Summary of Leetcode explore card.

organizes data using hash functions in order to support quick insertion and search

Two different kinds:

Hash set

set data structure - no repeated values.Hash map

map data structure - store (key,value) pairs

# Hash Function

maps a big number or string to a small integer that can be used as index in hash table.

# Concepts

Further reading on concepts here & for java specific info

## Load Factor

`number of of elements stored in table / number of buckets`

average number of key-value pairs per bucket.

It offers

tradeoff between time and space complexity

Load factor of Java `Hashmap`

is `0.75`

## Capacity / Initial Capacity

`number of buckets`

initial capaity of Java `HashMap`

is `16`

## Threshold

`Current Capacity * Load Factor`

Capacity of Hashmap is doubled each time it reaches threshold

In java, Hashmap created with initial capacity 16 & load factor of 0.75. Therefore threshold is `16 * 0.75 = 12`

.

So, capacity of HashMap increased from 16 to 32 after 12th element added to HashMap.

## Rehashing

Hashing again. (eg. when capacity is increased)

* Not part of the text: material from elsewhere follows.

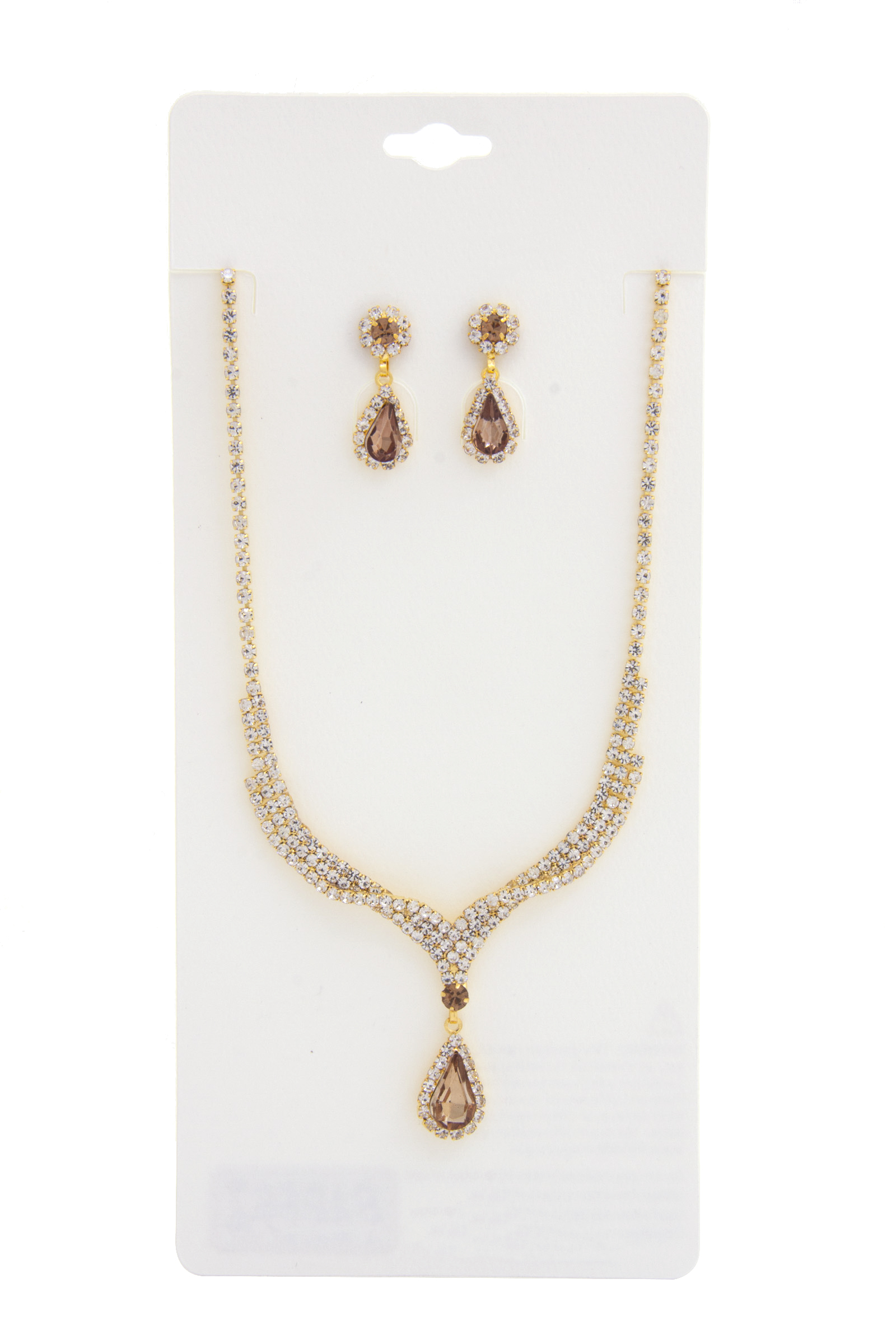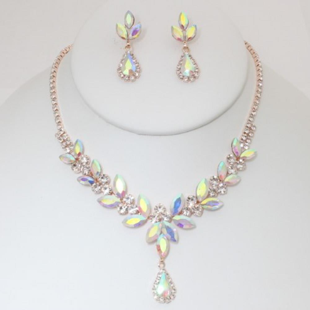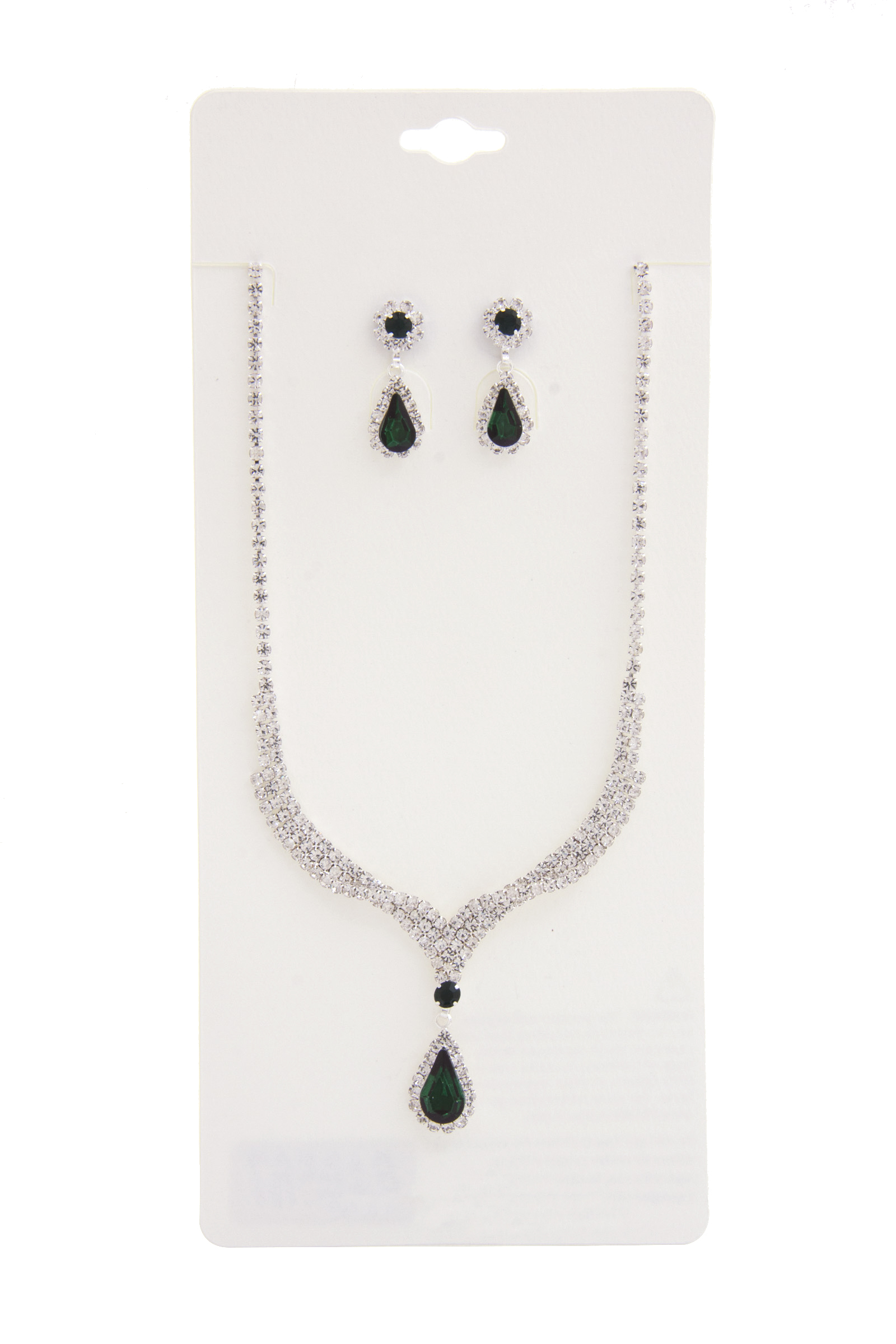 CRYSTAL STONE TEARDROP ORNAMENT NECKLACE EARRING SET
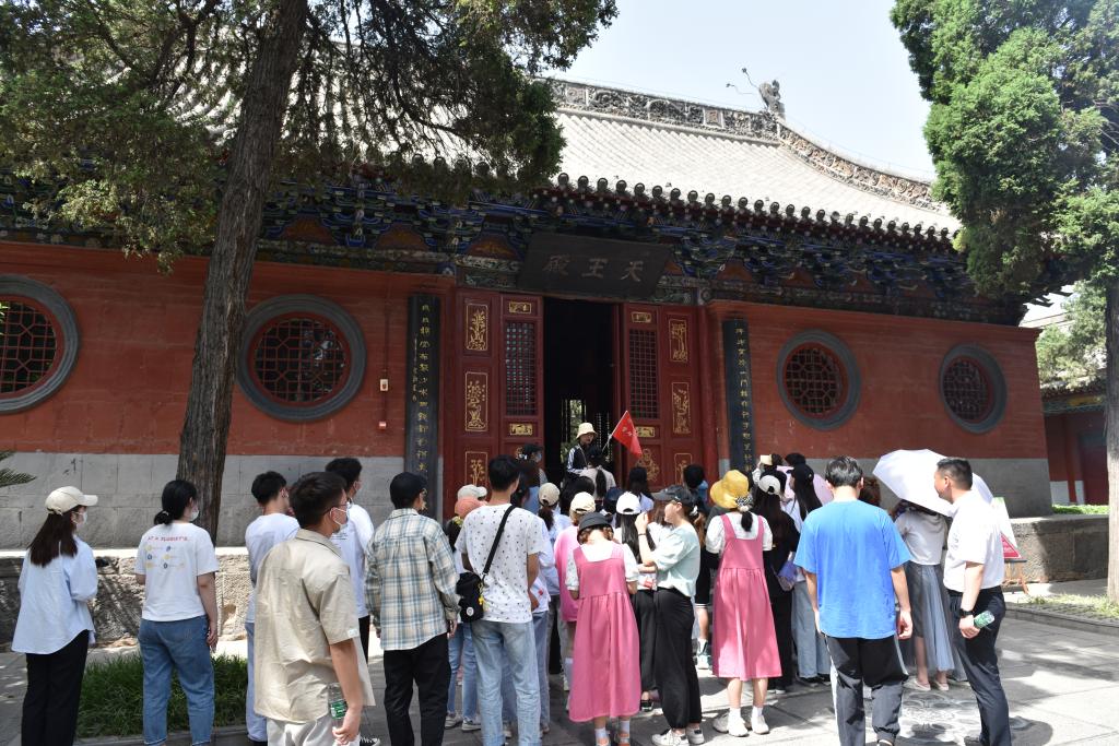 第二天上午参观洛阳博物馆,它是首批国家一级博物馆,从“最早的中国”夏代开始,绵延连续至唐宋,时代蝉联,文物精美。它囊括了五千年华夏文明,馆藏珍宝1.1万余件,馆藏量处于全国博物馆前列。学生在专业讲解员的带领下,参观了中国第一爵、华夏第一龙、中国最大石辟邪、曹魏白玉杯、绿松石镶嵌饕餮纹最早青铜器、春秋“王作”铜鼎、洛阳微笑泥塑人面像……等等各种国之重器。参观后,学生纷纷表示要好好学习历史知识和讲解知识,将来能够更好的把中国上下五千年的历史传播给更多的人。下午参观了中国第一所官办佛教寺院白马寺,有中国佛教的"祖庭"和"释源"之称,距今已有1900多年的历史。在这里了,学生亲身感受到中国佛教的发展以及对其他国家的影响。

When new HashMap object with new capacity is created, all old elements (key-value pairs) are placed into new object after recalculating their hashcode.

Initial capacity and load factor must be chosen such that they minimize the number of rehashing operations.

__ Example __

Load factor is 1.0f. (Rehashing take place after filling 100% of current capacity)

- saves space
- increases retrieval time of existing elements

Load factor is 0.5f.

- rehashing after 50% of current capacity filled.
- increase number of rehashing operations.

# Hash Table

use hash function to map keys to buckets

- insert new key
- hash function decides which bucket key is assigned
- key is stored in corresponding bucket

- search for key
- hash table uses hash function to find bucket
- search in bucket for key

eg. `y = x % 5`

is the hashing function

1987 & 2 are in same bucket. (bucket 2)

use hashing function, search bucket 2 for the key.

__Two basic operations__

- Insert
- Search

## Designing a Hash Table

### 1. Hash Function

assign key to bucket

`as uniformly as possible`

Ideally, key and bucket is a one-to-one mapping. However, there is always a trade off between `amount of buckets`

& `capacity of buckets`

.

Good Hash function must:

- efficiently computable
- uniformly distribute keys

### 2. Collision Reduction

collision is when > 1 key is assigned to 1 bucket

Ideally, hash function is one-to-one mapping for key & bucket.

Considerations

- How to organize values in bucket?
- What is too many values are assigned to one bucket?
- How to search for target value in bucket?

Must consider:

- capacity of bucket
- number of keys that might be mapped to the same bucket

given `N`

=number of keys in bucket

- N: small & constant -->
`array`

to store keys`O(N)`

- N: variable / large -->
`height balanced binary search tree`

to store keys`O(log(n))`

# Handling Collisions

situation where newly inserted key maps to an already occupied slot in hash table.

Since a hash function produces a small number for a key which is a big integer or string. There is a possibility 2 keys result in same value. (eg. Birthday Paradox, need 23 people for 50% chance of sharing same birthday)

## 1. Separate Chaining

each cell of hash table point to a linked list of records that have same hash function value.

requires additional memory outside table.

### Data Structures for Separate Chaining

- Linked List
- ArrayList
- Trees

### Separate Chaining - Complexity

Complexity depends on complexity of underlying data structure supporting Separate Chaining

#### Average

Average assumes uniform hashing

more details here

```
lf = load factor
n = number of elements
m = number of buckets
α = n / m
```

#### unsuccessful

`O(α)`

For unsuccessful find, linked list in separate chaining must be exhaustively searched. Average length of linked list in uniform hashing is load factor

#### successful

`O(1+(α/2))`

In successful find, linked list will definitely contain target key. On average, target key can be found in first half of linked list.

#### Worst

`O(N)`

#### Best

`O(1)`

## 2. Open Addressing

all elements stored in the hash table itself.

Since all elements stored in hash table, at any point size of table must be >= total number of keys.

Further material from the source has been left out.